Mark's Market Talk for May 11, 2026

May 11, 2026


There were more downs than ups last week in the grain markets. Daily news from the Iranian war continued to dominate headlines. The ceasefire was still technically in place at the end of the week, but it looked fragile at times as both sides appeared willing to test the limits. Crude oil traded both higher and lower throughout the week before ultimately closing lower. Even so, fuel prices across the United States continue to climb as retailers and oil companies insist the increases are still catching up to earlier spikes in crude.

Roughly 20 percent of the world’s oil moves through the Strait of Hormuz, and average gasoline prices in the United States have risen sharply since the conflict began. What frustrates many Americans is that the United States produces plenty of its own oil, yet consumers still end up paying global market prices. To make matters worse for agriculture, Congress still has not moved forward with legislation to legalize year-round E15 nationwide. It is another reminder of how much influence large industries can carry in Washington, and agriculture rarely seems to hold the stronger hand.

If current reports are accurate, fuel prices could remain elevated for much of the year even if tensions in the Middle East cool quickly. Prices climbed in a matter of weeks, but history suggests it could take months for them to settle back near where they were earlier this spring. Free enterprise can be difficult to understand when markets move this aggressively against consumers.

In the grain trade, corn finished the week 10 cents lower while soybeans managed to bounce 5 cents higher. This week brings several major events for the markets. The first is the May WASDE report, where USDA will release its first projected carryout numbers for the 2026 crop year. On the surface it may not seem like a major release, but historically this report has been one of the more important market movers of the year because it begins shaping expectations for the next marketing season.

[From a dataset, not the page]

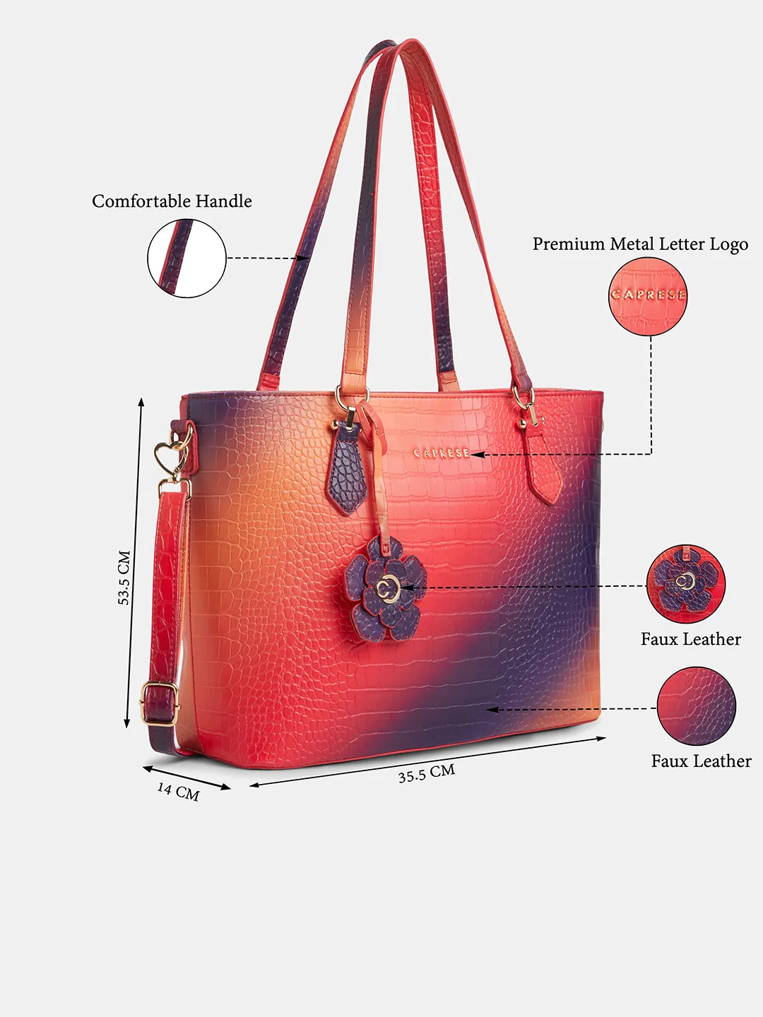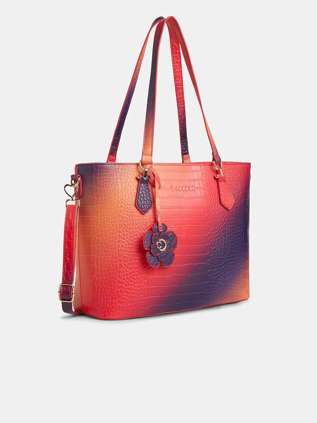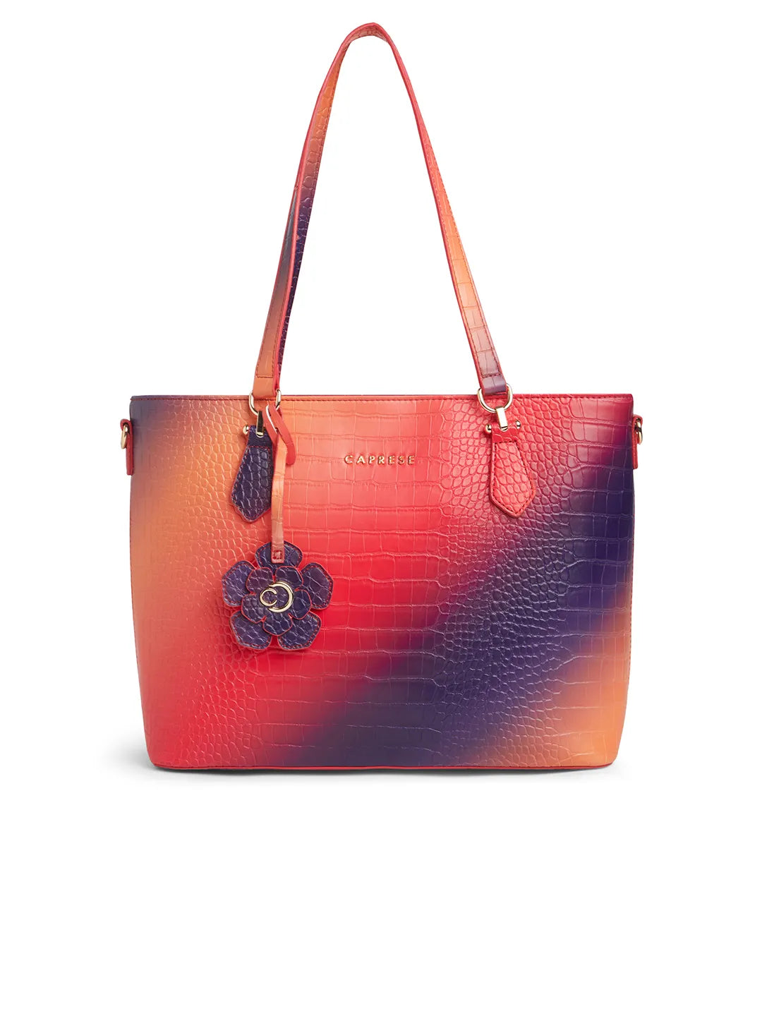 Make a vibrant fashion statement with the Caprese Marilyn Tote Large, a stunning blend of contemporary design and versatile functionality. This eye-catching handbag features a captivating multi-color ombre effect, transitioning beautifully through shades of orange, red, and purple, all enriched by a luxurious crocodile texture. Gold-tone hardware and a unique detachable Caprese flower charm, adorned with a gold "C" logo, add a touch of elegant sophistication.

The second event comes later in the week when President Trump is scheduled to travel to China to meet with Chairman Xi. Agriculture will be watching closely because any progress toward a trade agreement could have major implications for U.S. grain exports, especially soybeans. Part of the current premium in the soybean market is tied to speculation surrounding this meeting. Still, the market has already built in a fair amount of optimism ahead of any actual announcement. As often happens in commodity markets, traders sometimes buy the rumor long before the facts arrive, and even positive news can trigger a selloff if expectations become too high beforehand.